85. A pole 5 m high casts a shadow 4 m long. Find the height of a building casting a 16 m shadow. (NCERT 6.3)

Answer: 20 m.
Solution: Similar triangles: 5/4 = h/16 → h = (5 × 16)/4 = 20 m.

86. In ΔABC, ∠B = ∠Q, ∠C = ∠R. Are ΔABC and ΔPQR similar? (CBSE 2020)

Answer: Yes.
Solution: By AA similarity, ΔABC ~ ΔPQR.

87. In ΔABC, PQ || BC, AP = 7 cm, PB = 3 cm, AQ = 14 cm. Find QC. (NCERT 6.2)

Answer: 6 cm.
Solution: By BPT, AP/PB = AQ/QC → 7/3 = 14/QC → QC = (14 × 3)/7 = 6 cm.

88. In ΔABC, ∠C = 90°, AC = 5 cm, BC = 12 cm. Find AB. (CBSE 2018)

Answer: 13 cm.
Solution: By Pythagoras: AB² = AC² + BC² = 5² + 12² = 25 + 144 = 169. So, AB = √169 = 13 cm.

89. If ΔABC ~ ΔDEF, AB = 8 cm, DE = 12 cm, find ar(ΔABC)/ar(ΔDEF). (NCERT 6.4)

Answer: 4/9.
Solution: ar(ΔABC)/ar(ΔDEF) = (AB/DE)² = (8/12)² = (2/3)² = 4/9.

90. A tree 14 m tall casts a shadow 21 m long. Find the height of a pole casting a 9 m shadow. (CBSE 2019)

Answer: 6 m.
Solution: Similar triangles: 14/21 = h/9 → h = (14 × 9)/21 = 6 m.

91. In ΔABC and ΔPQR, AB/PQ = BC/QR = CA/RP. Are they similar? (NCERT 6.3)

Answer: Yes.
Solution: By SSS similarity, ΔABC ~ ΔPQR.

92. In ΔABC, DE || BC, AD = 5 cm, DB = 5 cm, AE = 4 cm. Find EC. (CBSE 2020)

Answer: 4 cm.
Solution: By BPT, AD/DB = AE/EC → 5/5 = 4/EC → EC = 4/1 = 4 cm.

93. In ΔABC, ∠A = 90°, AB = 6 cm, AC = 8 cm.
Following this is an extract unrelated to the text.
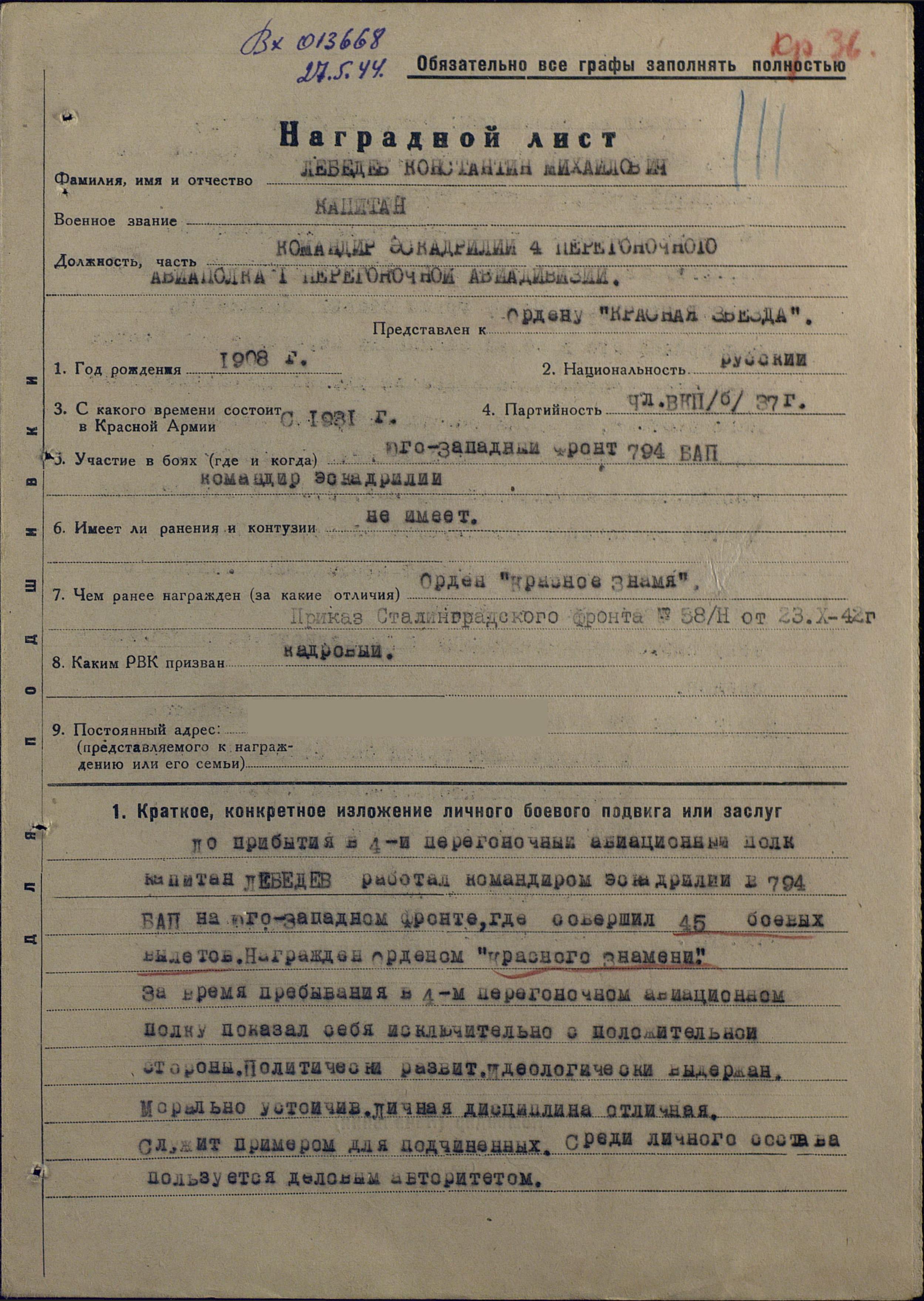 Лебедев Константин Михайлович (1908 - 11.09.1956)

Find BC. (NCERT 6.5)

Answer: 10 cm.
Solution: By Pythagoras: BC² = AB² + AC² = 6² + 8² = 36 + 64 = 100. So, BC = √100 = 10 cm.

94. If ΔABC ~ ΔPQR, ar(ΔABC) = 25 cm², ar(ΔPQR) = 49 cm², find AB/PQ. (CBSE 2018)

Answer: 5/7.
Solution: (AB/PQ)² = 25/49 → AB/PQ = √(25/49) = 5/7.
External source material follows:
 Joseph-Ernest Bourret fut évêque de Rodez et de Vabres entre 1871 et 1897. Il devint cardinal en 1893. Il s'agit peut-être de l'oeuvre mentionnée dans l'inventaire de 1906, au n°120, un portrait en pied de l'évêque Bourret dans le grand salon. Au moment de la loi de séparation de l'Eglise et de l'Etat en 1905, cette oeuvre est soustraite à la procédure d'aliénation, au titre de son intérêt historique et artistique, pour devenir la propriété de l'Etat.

95. A man 1.8 m tall casts a shadow 3 m long. Find the height of a building casting a 15 m shadow. (NCERT 6.3)

Answer: 9 m.
Solution: Similar triangles: 1.8/3 = h/15 → h = (1.8 × 15)/3 = 9 m.

96. In ΔABC, ∠A = ∠P, ∠B = ∠Q. Are ΔABC and ΔPQR similar? (CBSE 2019)

Answer: Yes.
Solution: By AA similarity, ΔABC ~ ΔPQR.

97. In ΔABC, PQ || BC, AP = 9 cm, PB = 3 cm, AQ = 18 cm. Find QC. (NCERT 6.2)

Answer: 6 cm.
Solution: By BPT, AP/PB = AQ/QC → 9/3 = 18/QC → QC = 18/3 = 6 cm.

98. In ΔABC, ∠C = 90°, AC = 9 cm, BC = 12 cm. Find AB. (CBSE 2020)

Answer: 15 cm.
Solution: By Pythagoras: AB² = AC² + BC² = 9² + 12² = 81 + 144 = 225. So, AB = √225 = 15 cm.

99. If ΔABC ~ ΔDEF, AB = 10 cm, DE = 20 cm, find ar(ΔABC)/ar(ΔDEF). (NCERT 6.4)

Answer: 1/4.
Solution: ar(ΔABC)/ar(ΔDEF) = (AB/DE)² = (10/20)² = (1/2)² = 1/4.

100. A pole 7 m high casts a shadow 5 m long. Find the height of a tree casting a 25 m shadow. (CBSE 2018)

Answer: 35 m.
Solution: Similar triangles: 7/5 = h/25 → h = (7 × 25)/5 = 35 m.